Reproducibility in Computational Science with Victoria Stodden (UIUC)
Event Recap
Reproducibility is Not a Crisis. Now What? Next Steps for Advancing Computational and Data-enabled Science
“There is no crisis, but also no time for complacency” said the chair of the National Academies of Sciences, Engineering, and Medicine (NASEM) committee on “Reproducibility and Replicability in Science” in May 2019 (https://vimeo.com/335923468).
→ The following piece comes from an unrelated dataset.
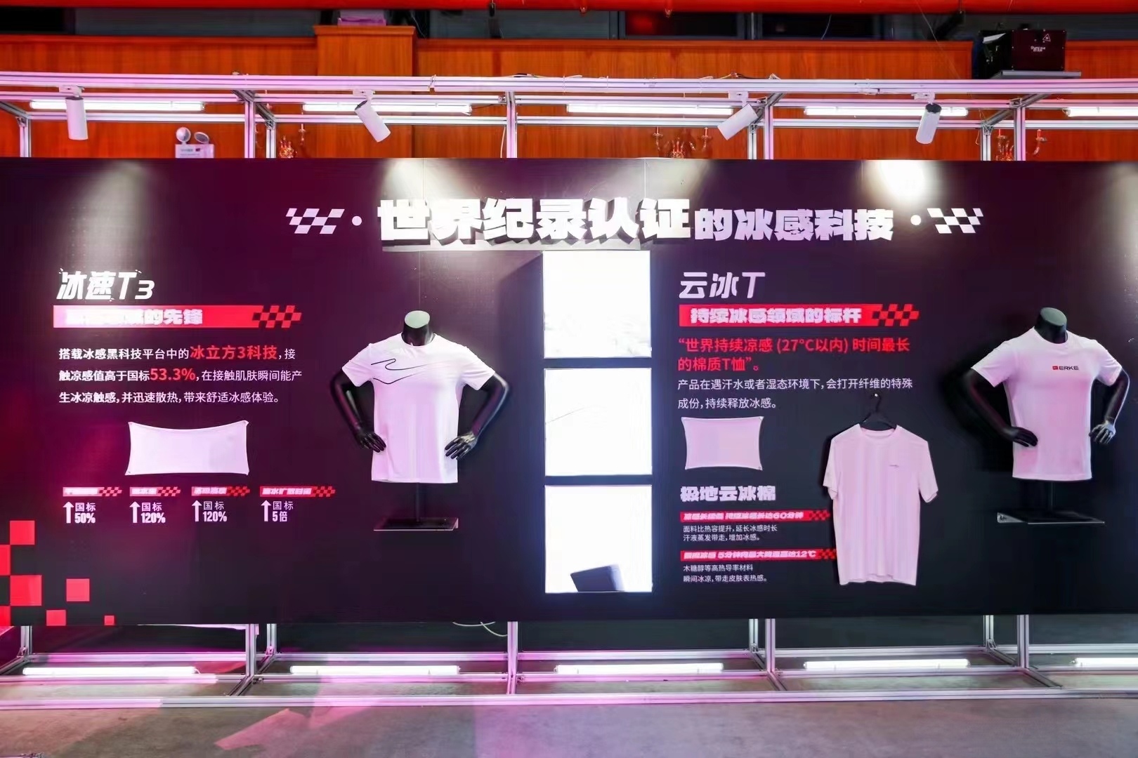 現(xiàn)場(chǎng)通過(guò)布置與運(yùn)動(dòng)相關(guān)的場(chǎng)景和道具,如跑道、起跑線、運(yùn)動(dòng)裝備展示等,營(yíng)造了濃厚的運(yùn)動(dòng)氛圍和場(chǎng)景感。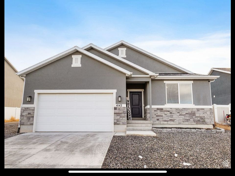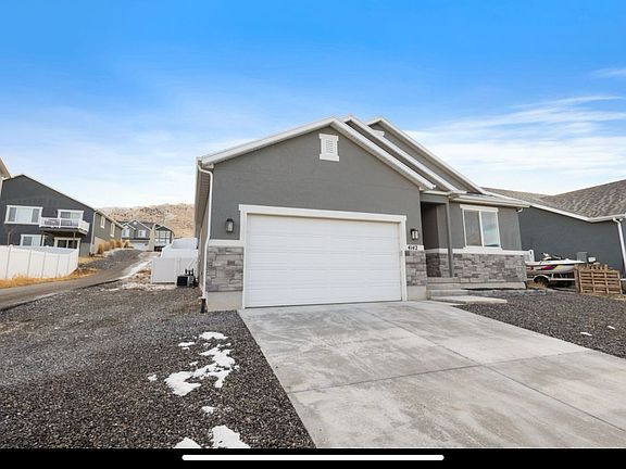 Step into modern comfort with this spacious 3-bedroom, 2-bath rambler in a quiet Eagle Mountain neighborhood. Built in 2020, this beautifully designed home features an open-concept layout with vaulted ceilings, granite countertops, and stainless steel appliances perfect for both everyday living and entertaining.

Questions regarding reproducibility have arisen regarding the transparency of computational methods and discovery, in part due to the leveraging of data and compute resources for scientific and engineering advancements, now pervasive in a staggeringly broad range of academic disciplines and activities. In this talk, I present the reproducibility definitions that emerged in our NASEM committee deliberations and discuss an abstract framework for conceptualizing and advancing data science as a discipline, called the Lifecycle of Data Science (forthcoming in CACM). This framework integrates the disparate components of data-enabled discovery, from hardware provisioning to applications to dissemination standards for verification and re-use to ethics, and thereby brings into contextual focus salient issues such as computational reproducibility, standards and policy, and curricular development. I then present the “Knowledge Integrator,” an effort to conceptualize and enable the dissemination of reproducible research results based on the Lifecycle of Data Science and community engagement.